Societies and civilizations are born, mature and die – this is what history teaches us.  Our society is in old age and death/collapse is near.   As I pointed out here Howard Kunstler has made a career of predicting the end of civilization as we know it.  But he’s not alone.  There was a time when Kunstler was mocked – but no more – he has plenty of company these days and The Energy Bulletin has some examples.

First, how does the United States today compare to the old Soviet Union?

  • Extreme dependence on the price of oil. The Soviet’s over reliance on oil was as a source of income (which collapsed in the early 80’s due to a confluence of factors, hence the bankruptcy). The US depends on it due our profligacy in its use.
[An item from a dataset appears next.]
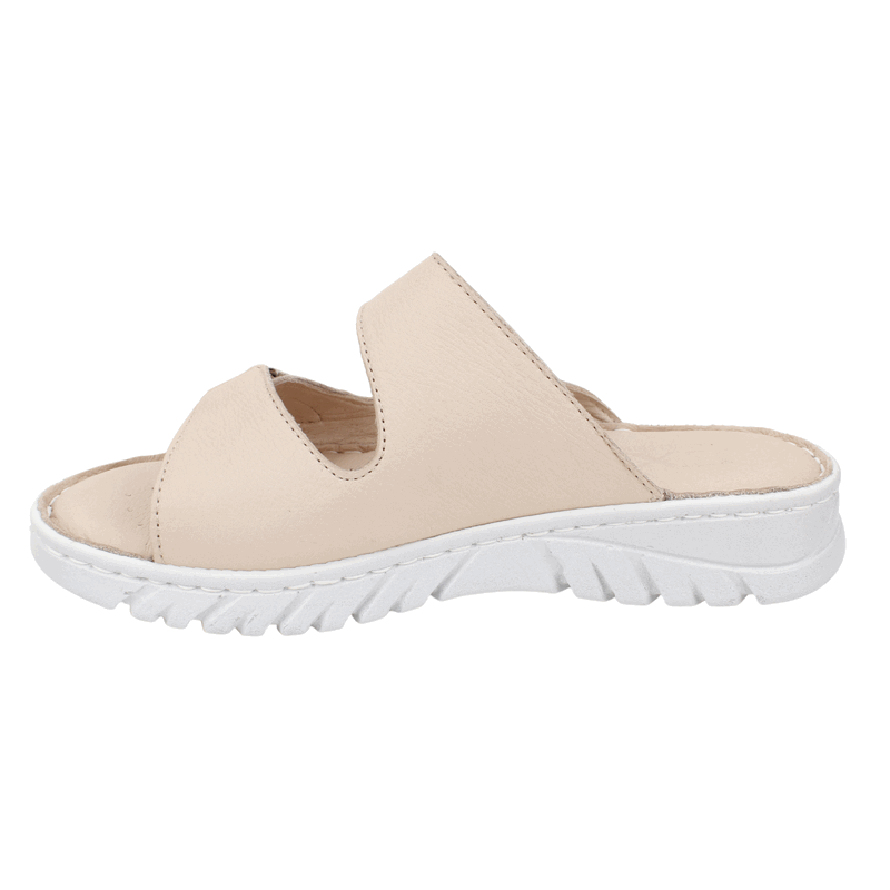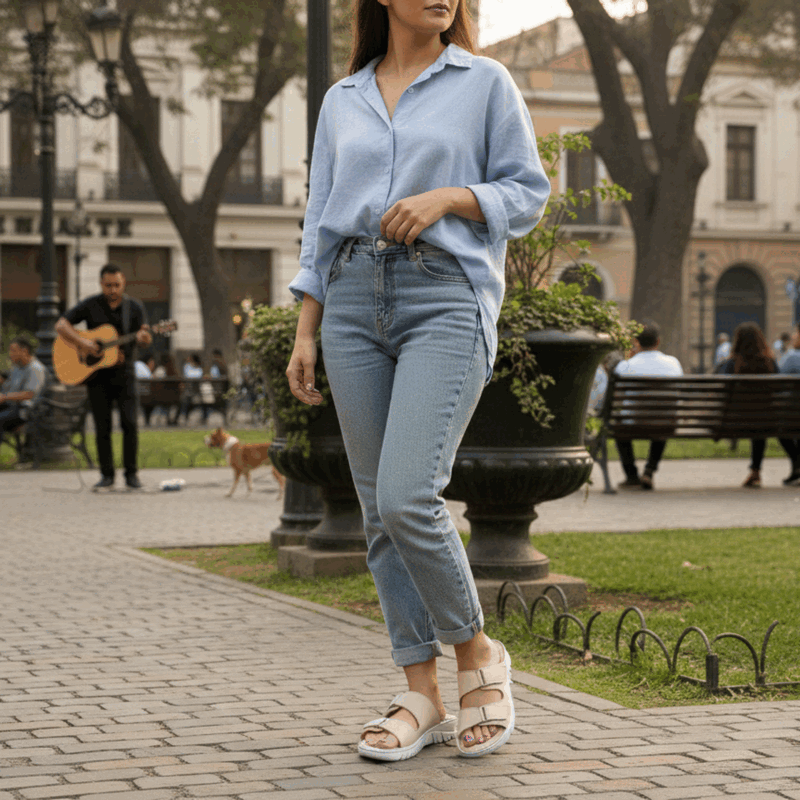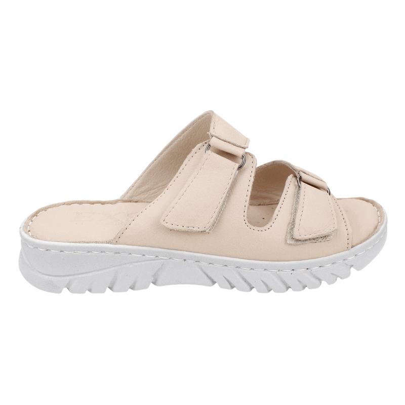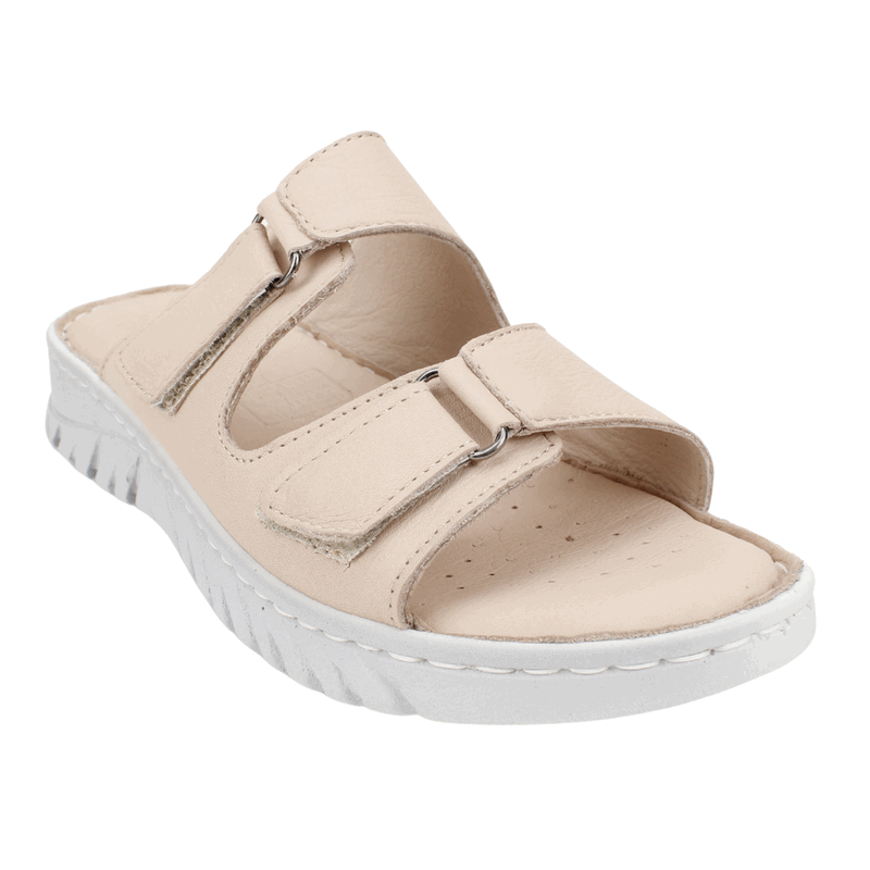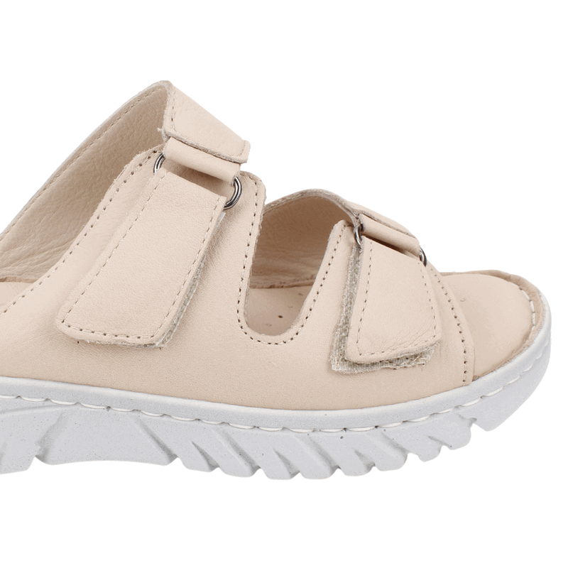 Sandalia de Mujer Exs Cuero color nude de fabricación turca. Estilo Confort. Disfruta de la máxima comodidad en cada paso con nuestras sandalias de diseño ergonómico. Este modelo destaca por su doble correa con cierre de velcro, que permite un ajuste perfecto y seguro según el empeine de cada persona. Su planta blanca con relieve antideslizante ofrece una amortiguación superior, ideal para largas caminatas o para quienes buscan un descanso real durante el día. Ajuste mediante velcro. Plataforma de 3 cm de altura.

As oil availability dries up (export land model, peak oil production, etc.) the US will suffer disproportionately.
  • Extreme levels of spending on national security. The paranoia that led the Soviets to overspend on national security was legendary. The same is true with the US. The US now spends more than the rest of the world combined on national security. In a hyper competitive global economy it isn’t absolute or historical levels of spending that matter – it’s relative spending levels.
  • A runaway foreign trade deficit and ballooning debt.
  • Extreme levels of corruption and a gross misallocation of economic resources. The Soviets had insular bureaucrats and the US has bankers and financiers.
  • A ballooning welfare state that it can’t support (in the US’s case, it’s mostly ballooning health care costs — the US’s crony capitalist health care system costs 2-4x per unit of health care as compared to the rest of the developed world, while delivering health stats only rivaled by the developing world).

The old Soviet Union was no longer a Marxist state when it failed. it was an oligarchy.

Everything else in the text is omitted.